There was also a blowup in the Salesforce community, as the company once again moved to start charging for the security review for free apps, effectively killing free apps. Luckily (once again) they listened to reason after an overwhelmingly negative reaction from their partners and customers. This crops up every few years, so we must continue to be vigilant lest they slip it through under cover of darkness.
The first signs that generative AI may not be a purely benevolent force appeared in April, when Samsung staff uploaded code and meeting notes to ChatGPT, then realised they couldn’t take them back again, thus potentially gifting trade secrets to competitors. Always read the Ts and Cs - learn from history, less you be doomed to repeat it when using Einstein for Developers.
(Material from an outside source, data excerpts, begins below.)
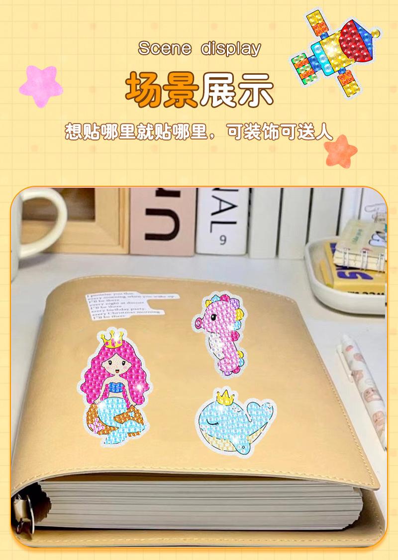 Pintura de diamantes personalizada de fábrica, pegatinas de diamantes creativas hechas a mano para niños, pegatinas casuales de princesas de dibujos animados de animales
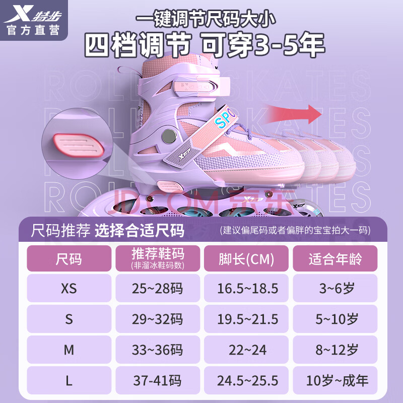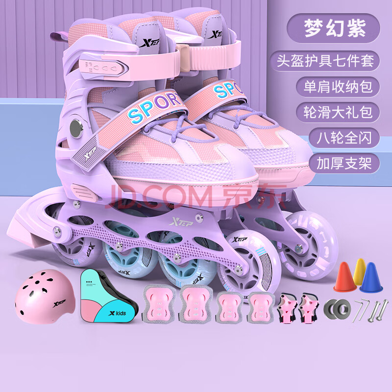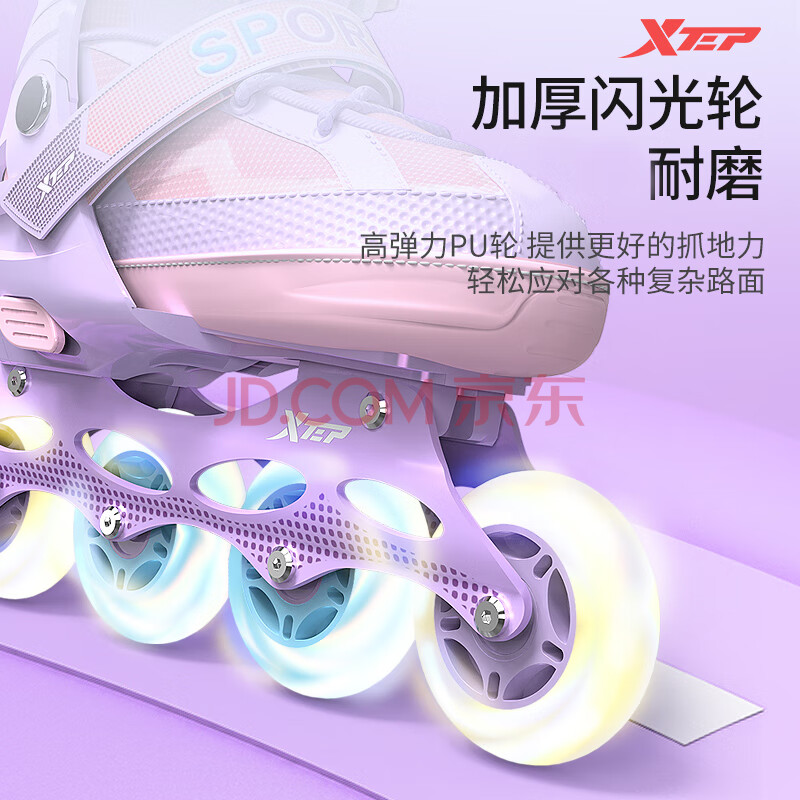 商品相册:特步(XTEP)轮滑鞋儿童全闪溜冰鞋男童女童滑冰鞋初学【中小学轮滑课程必备】第
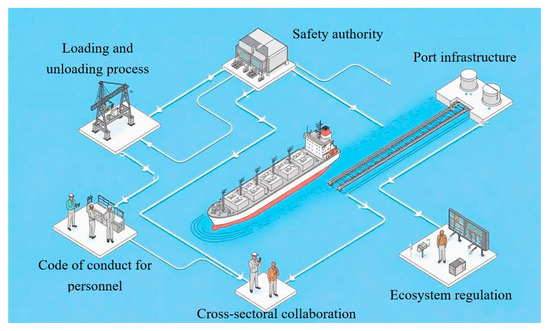 As a core link in the energy supply chain, oil tanker loading and unloading operations constitutes a complex open system involving the coupling of technology, management, and society, from port infrastructure, loading/unloading procedures, safety regulation, cross-departmental collaboration, personnel behaviour standardisation, and ecological environment supervision, forming a multi-level, interactive spatial network system (see Figure 1). The safety risks of these operations are not only determined by single dimensions, such as equipment reliability or operational standardisation, but also necessitate systematic control within a collaborative framework that balances physical constraints, procedural coordination, and human relationship equilibrium.
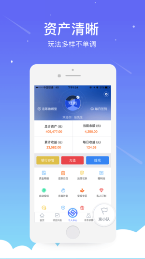 5.个人中心贴心工具箱,可查看资金明细、投资记录、福利站、以及计算收益;
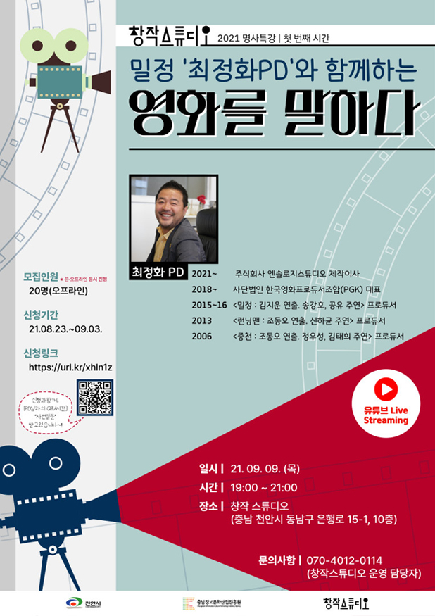 [충남정보문화산업진흥원] 2021 창작스튜디오 ★[특강] 밀정 최정화 PD와 함께하는 <영화를 말하다>★ 모집

Einstein GPT was quickly renamed to AI Cloud in June, and officially launched at (the first) AI day. This gave us our first glimpse of the Einstein Trust Layer, which still feels like a master stroke from Salesforce, even if I’d like to see it become a platform rather than a layer.
June also brought the latest edition of London’s Calling, which once again didn’t disappoint. It might just be me, but it feels like Salesforce are tightening up on community involvement in conferences like Dreamforce in favour of their product management, so I think community conferences will continue to play a vital role in providing training without the associated marketing, and presenting the reality rather than just the positives.
And finally, June brought the (next) AI day, as the London World Tour was rebranded (at extremely/ridiculously) short notice to showcase new features like Prompt Studio (which we’re still waiting for). Quite the change from our usual rehash of Dreamforce/TrailblazerDX announcements from months ago!
Sales and Service GPT did go GA in July - very rapid for Salesforce, and good to see something actually land in the products, but sadly quite limited in terms of our ability to influence/configure the prompts. Around this time I built my first integration to OpenAI, and quickly added a few more. As you would expect when everything depends on the prompt, the actual API is pretty much a single method, with the added excitement that the same request will probably give different results every time!
And just like that, it was time for Dreamforce again. In a turn of events that surprised nobody, it was all about the AI. AI Cloud must be up for the shortest lived product name in a very strong field of Salesforce candidates, as it became Einstein1 at Dreamforce, harking back to Salesforce1 in 2013. Once again there were demos of Prompt Studio and Skills Builder, but they still looked a bit smoke and mirrors when you got up close.
Not long after Dreamforce, Slack announced that they’d lost another CEO, with Lidiane Jones moving on to Bumble after less than a year in charge. This looks to have been a solo blip rather than a return to the exodus at the end of 2022, which is good news for those who like stability at the top of their tech behemoths. Governments finally started getting a hold on AI, with an executive order from President Biden and the AI Safety Summit at Bletchley Park. We also had OpenAI’s Dev Day, which showed how any legislation will need to move quickly to keep up with the tech!
In November, out of nowhere, every tech story was eclipsed by the OpenAI three act play:
Act 1 - Sam Altman is fired
Not really what you want to be happening at the (allegedly) most important AI company, especially if you’ve put all your AI eggs into the OpenAI/ChatGPT basked, but all’s well that ends well. After this, we just wanted a quiet drift into the Xmas/New Year period, and by and large we got that.
To Absent Friends
No review of 2023 would be complete without remembering the stalwarts of the community that we lost this year:
Meghan Brodkey, Ohana Slack founder, in January.
Gemma Blezard, founder of Ladies be Architects, in November.
Amanda Beard-Neilson, London Salesforce Admins leader and co-organiser of London’s Calling, also in November.
Vaya con Dios ladies - you’ll all be missed.